Work item: Retype the lines from the one containing "- Ausstattung des" through the last line of the entries below, exactly and in full, omitting every image.

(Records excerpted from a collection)
######

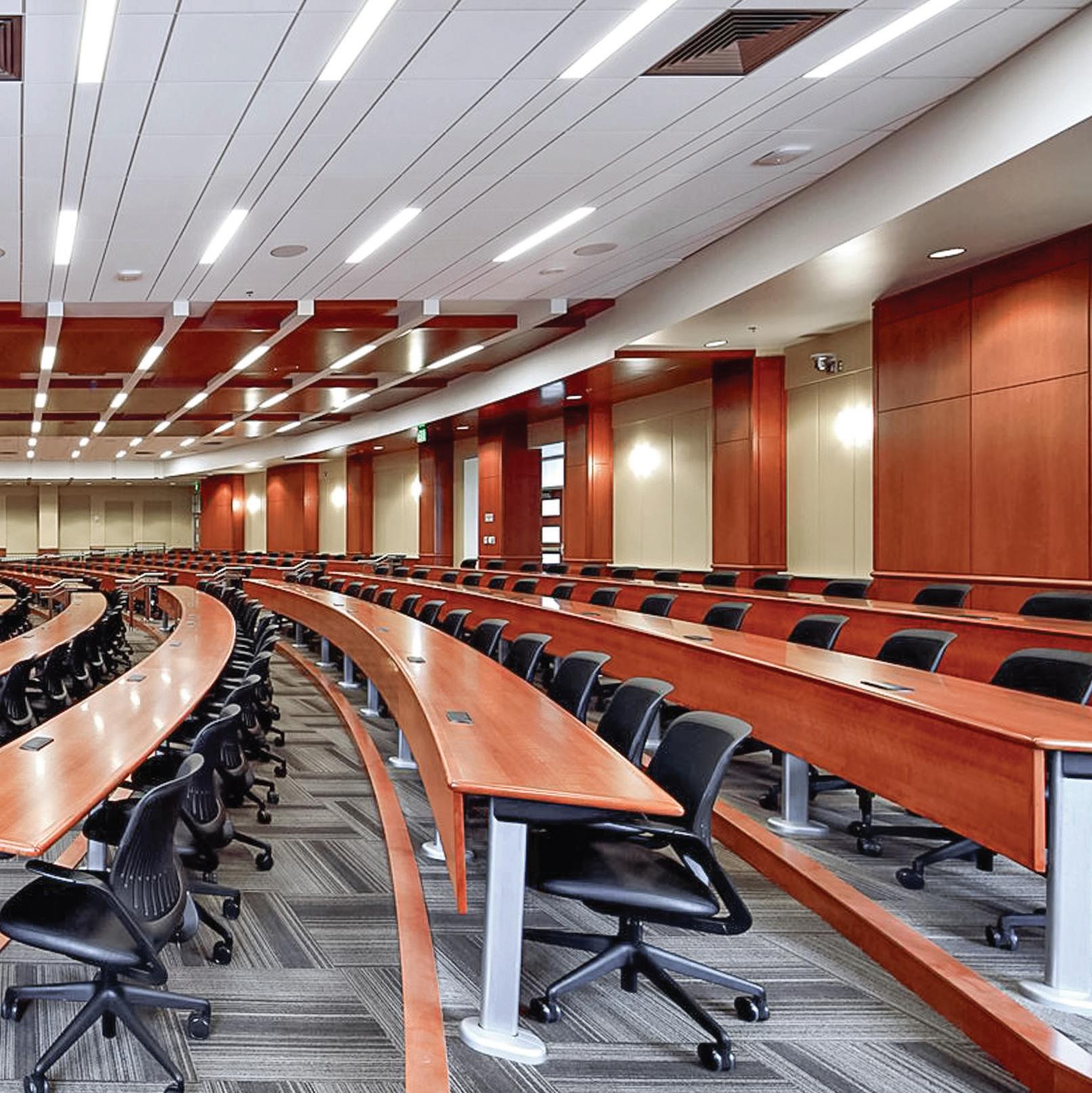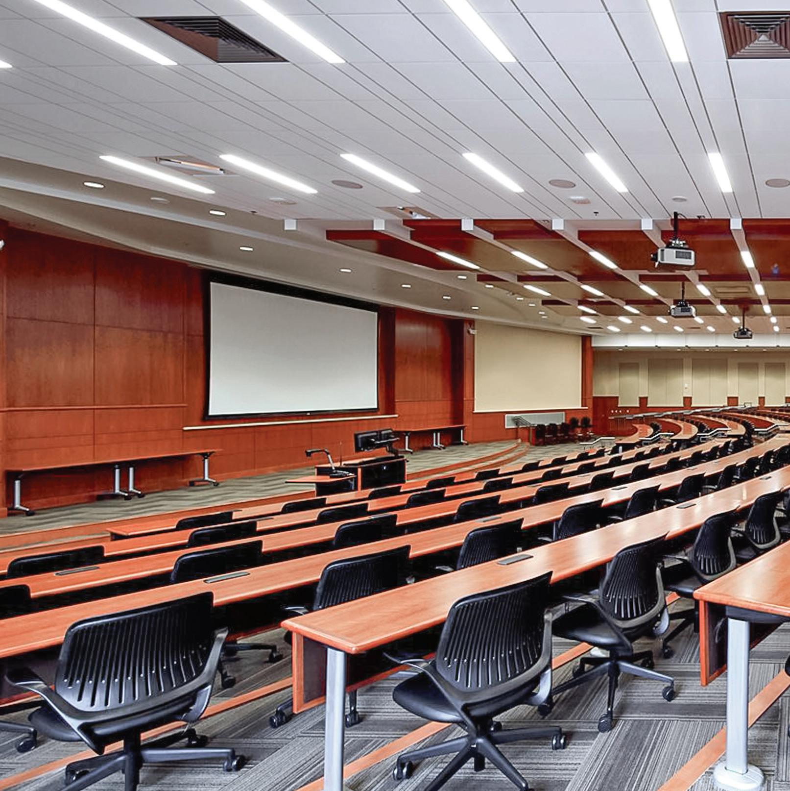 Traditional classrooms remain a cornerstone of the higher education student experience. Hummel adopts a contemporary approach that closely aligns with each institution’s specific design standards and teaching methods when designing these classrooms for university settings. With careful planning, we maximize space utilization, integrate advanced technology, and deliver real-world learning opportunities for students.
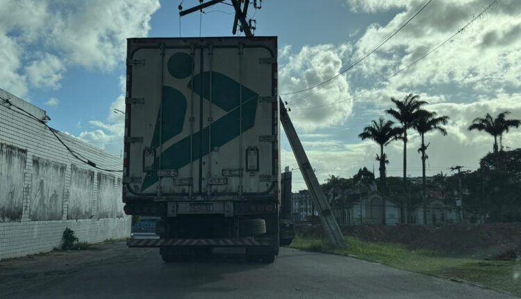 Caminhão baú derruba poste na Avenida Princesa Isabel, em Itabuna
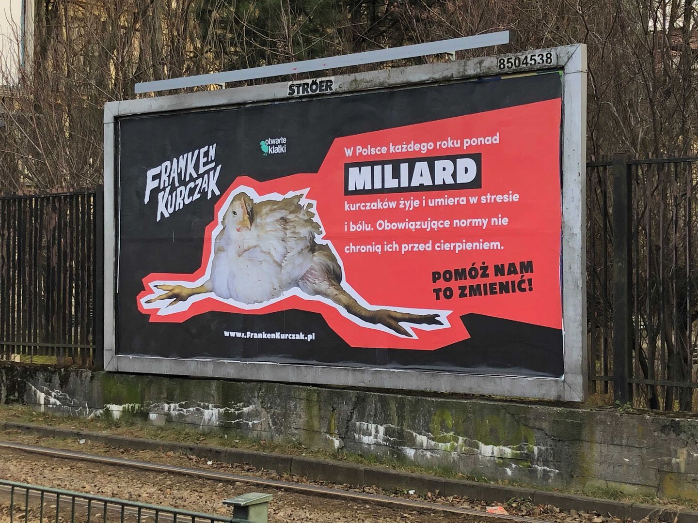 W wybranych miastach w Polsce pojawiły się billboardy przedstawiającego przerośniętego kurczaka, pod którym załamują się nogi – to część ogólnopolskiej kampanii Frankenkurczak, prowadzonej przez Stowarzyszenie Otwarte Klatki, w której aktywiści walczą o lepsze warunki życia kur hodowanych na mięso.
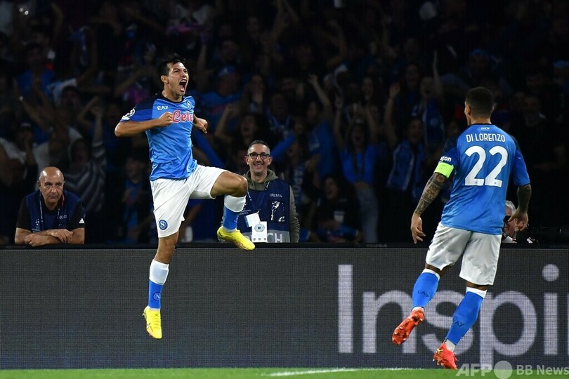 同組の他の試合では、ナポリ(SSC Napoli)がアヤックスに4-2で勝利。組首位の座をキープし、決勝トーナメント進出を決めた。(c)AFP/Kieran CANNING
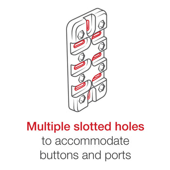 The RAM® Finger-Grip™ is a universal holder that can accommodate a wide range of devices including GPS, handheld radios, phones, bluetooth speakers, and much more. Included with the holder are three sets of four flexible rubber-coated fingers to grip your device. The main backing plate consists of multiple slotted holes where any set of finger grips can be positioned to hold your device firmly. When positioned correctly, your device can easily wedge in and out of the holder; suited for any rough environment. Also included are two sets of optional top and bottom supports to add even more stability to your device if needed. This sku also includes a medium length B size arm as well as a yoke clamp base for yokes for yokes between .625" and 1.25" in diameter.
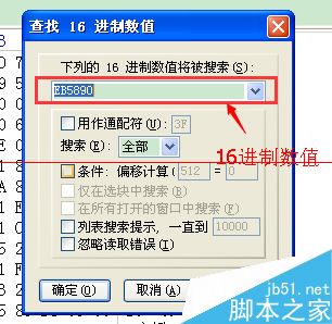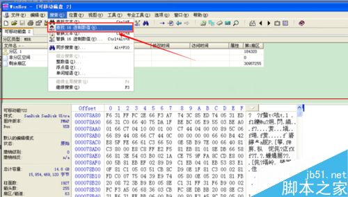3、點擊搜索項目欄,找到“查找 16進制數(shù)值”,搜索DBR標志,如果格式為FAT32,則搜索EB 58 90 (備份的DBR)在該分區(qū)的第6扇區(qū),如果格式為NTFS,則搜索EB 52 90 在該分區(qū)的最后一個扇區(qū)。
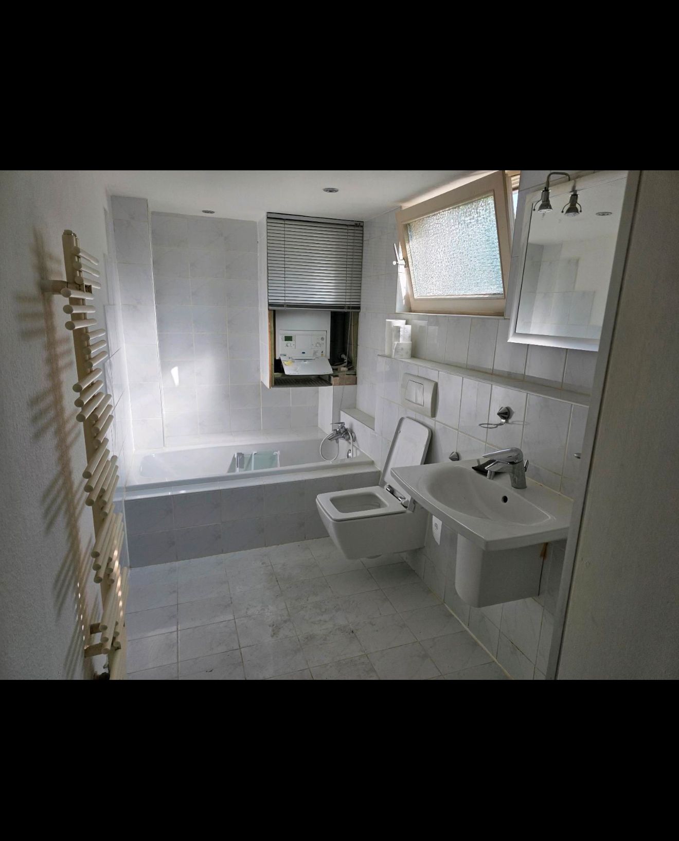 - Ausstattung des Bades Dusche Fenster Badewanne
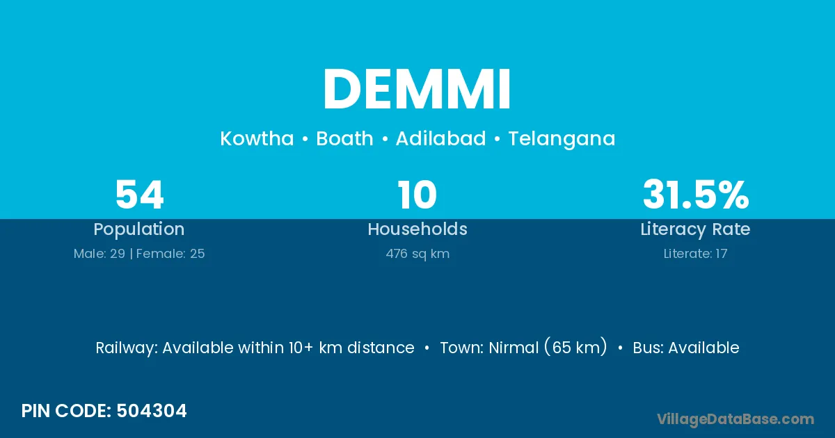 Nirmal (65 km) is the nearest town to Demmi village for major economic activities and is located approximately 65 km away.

######

Reply:
 - Ausstattung des Bades Dusche Fenster Badewanne
 Nirmal (65 km) is the nearest town to Demmi village for major economic activities and is located approximately 65 km away.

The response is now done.